Start of Task input
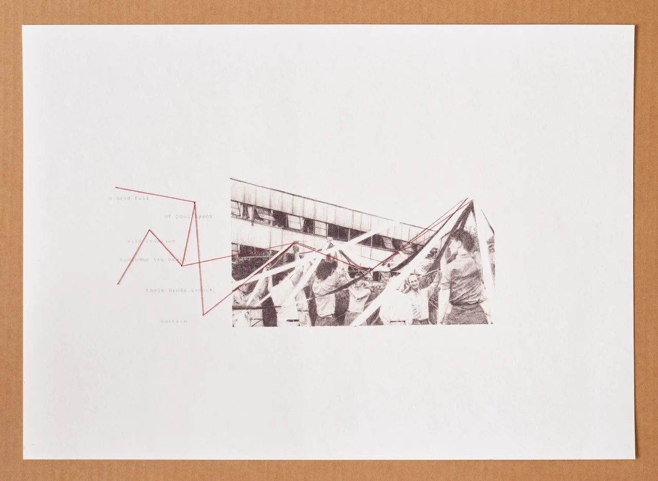 Above: Head, Heart, Hand (Black Mountain College Series), 2025, Niamh Clarke, Digital Print on Paper with Stitch and Text.
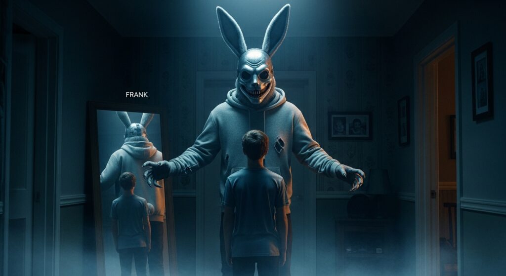 Frank, o coelho gigante aterrorizante que assombra Donnie Darko, é muito mais do que apenas uma figura de horror visual memorável. Na psicologia junguiana, a “sombra” representa aspectos reprimidos da psique—impulsos, desejos e verdades que o ego consciente rejeita ou teme. Frank funciona como manifestação externa da própria sombra de Donnie, guiando-o a confrontar verdades desconfortáveis sobre si mesmo, sua comunidade e a natureza da realidade. A máscara de coelho é significativa: coelhos são símbolos de fertilidade, renascimento e, em Alice no País das Maravilhas, guias para realidades alternativas. Frank literalmente leva Donnie através do espelho para uma realidade onde regras normais não se aplicam.
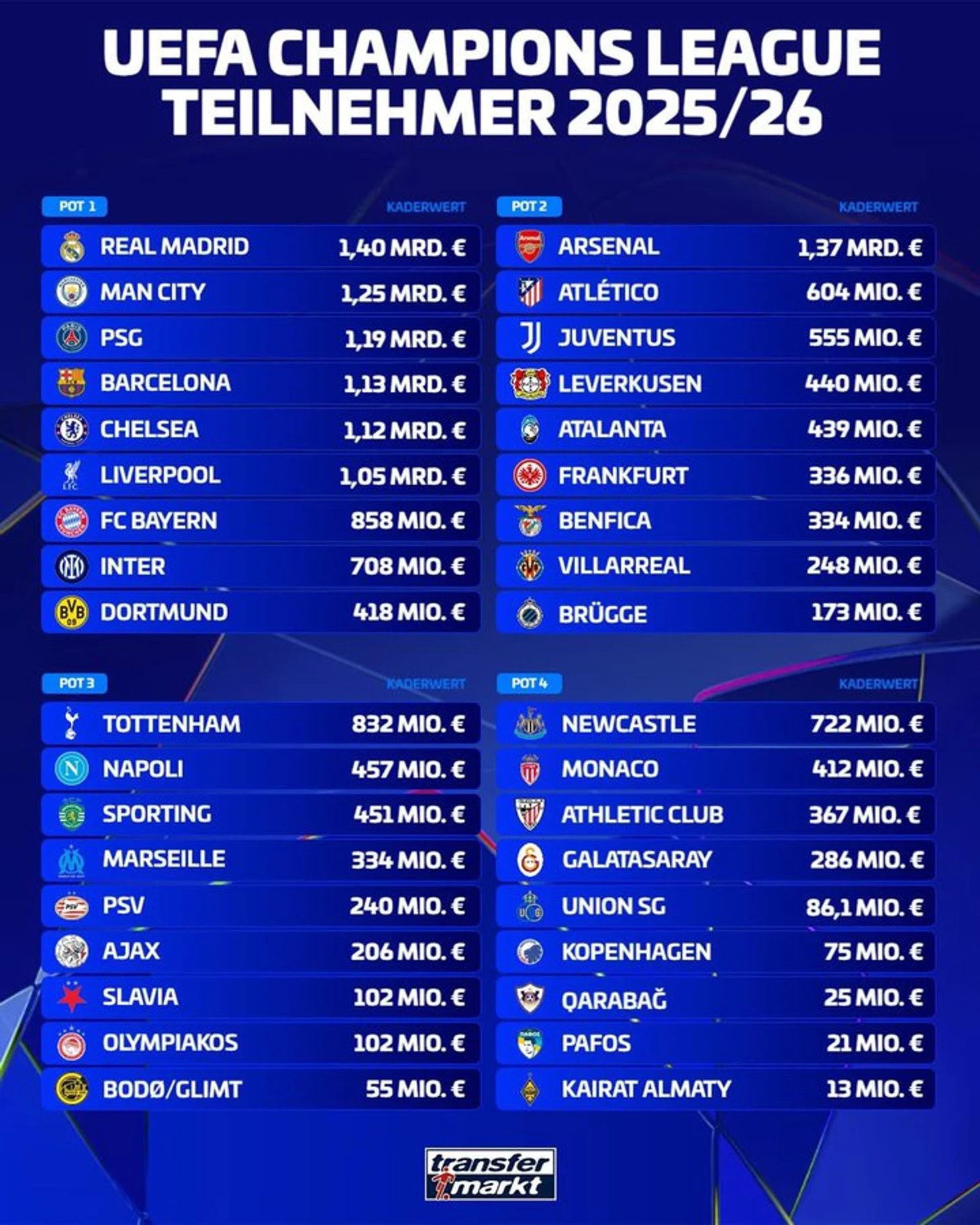 Как обычно, Transfermarkt первый отреагировал на итоги последнего квалификационного раунда Лиги чемпионов, который определил то, как будут выглядеть четыре корзины перед жеребьевкой. Следом появилась таблица стоимости составов всех участвующих команд.
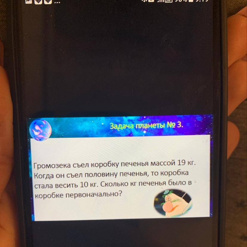 Пошаговое объяснение: 19-10=9 кг, следовательно половина массы печенья это 9 кг, а значит всего печенья было: 9+9=18 кг
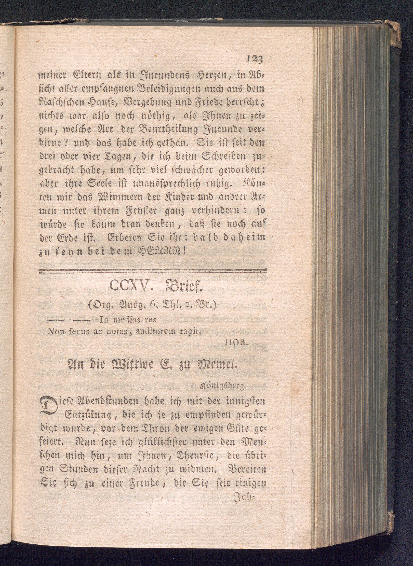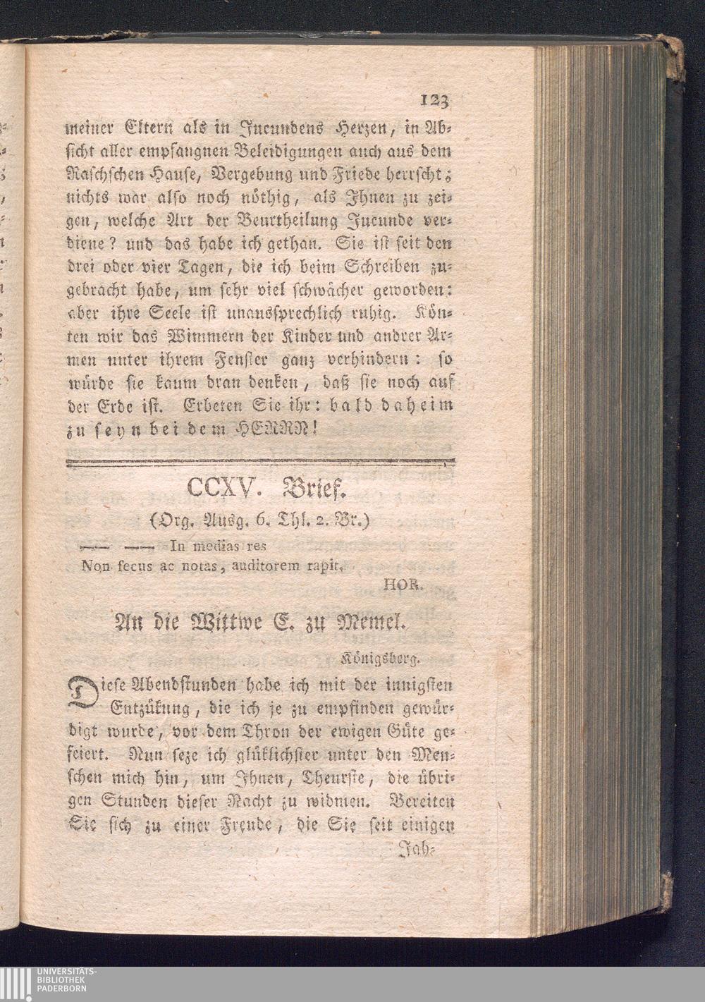 CCXV. Brief. In medias res non secus ac notas, auditorem rapit.
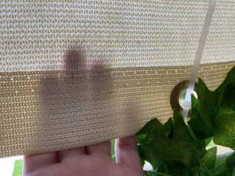 I'm extremely satisfied with the privacy screen I bought a few years ago for our south-facing terrace/balcony. It was delivered on time and with exactly the dimensions I ordered. The edges and corners are neatly finished, and everything still looks unchanged today?no fraying, no fading, or any other discoloration! I find the 90% shade ratio ideal; it provides privacy while still allowing shapes to be seen.
End of Task input
» **Exercise description**
Exactly as they appear, transcribe the lines from the top of the material above through the line with "Как обычно, Transfermarkt". Omit any picture.

» **Result**
 Above: Head, Heart, Hand (Black Mountain College Series), 2025, Niamh Clarke, Digital Print on Paper with Stitch and Text.
 Frank, o coelho gigante aterrorizante que assombra Donnie Darko, é muito mais do que apenas uma figura de horror visual memorável. Na psicologia junguiana, a “sombra” representa aspectos reprimidos da psique—impulsos, desejos e verdades que o ego consciente rejeita ou teme. Frank funciona como manifestação externa da própria sombra de Donnie, guiando-o a confrontar verdades desconfortáveis sobre si mesmo, sua comunidade e a natureza da realidade. A máscara de coelho é significativa: coelhos são símbolos de fertilidade, renascimento e, em Alice no País das Maravilhas, guias para realidades alternativas. Frank literalmente leva Donnie através do espelho para uma realidade onde regras normais não se aplicam.
 Как обычно, Transfermarkt первый отреагировал на итоги последнего квалификационного раунда Лиги чемпионов, который определил то, как будут выглядеть четыре корзины перед жеребьевкой. Следом появилась таблица стоимости составов всех участвующих команд.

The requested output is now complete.